→ **Action item**: In the data below, which lines hold "other"? Copy every one.
┌─ Given information
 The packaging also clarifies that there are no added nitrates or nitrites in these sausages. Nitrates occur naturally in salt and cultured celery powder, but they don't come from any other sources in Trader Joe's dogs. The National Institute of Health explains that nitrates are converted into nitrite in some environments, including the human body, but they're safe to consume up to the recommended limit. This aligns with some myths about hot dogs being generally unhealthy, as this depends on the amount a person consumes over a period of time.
└─
┌─ Given information
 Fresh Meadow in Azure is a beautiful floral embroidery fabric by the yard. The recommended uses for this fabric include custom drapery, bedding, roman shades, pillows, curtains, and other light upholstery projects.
└─
┌─ Given information
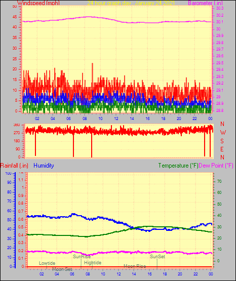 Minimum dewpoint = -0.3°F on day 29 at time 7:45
└─
→ **The answer**:
 The packaging also clarifies that there are no added nitrates or nitrites in these sausages. Nitrates occur naturally in salt and cultured celery powder, but they don't come from any other sources in Trader Joe's dogs. The National Institute of Health explains that nitrates are converted into nitrite in some environments, including the human body, but they're safe to consume up to the recommended limit. This aligns with some myths about hot dogs being generally unhealthy, as this depends on the amount a person consumes over a period of time.
 Fresh Meadow in Azure is a beautiful floral embroidery fabric by the yard. The recommended uses for this fabric include custom drapery, bedding, roman shades, pillows, curtains, and other light upholstery projects.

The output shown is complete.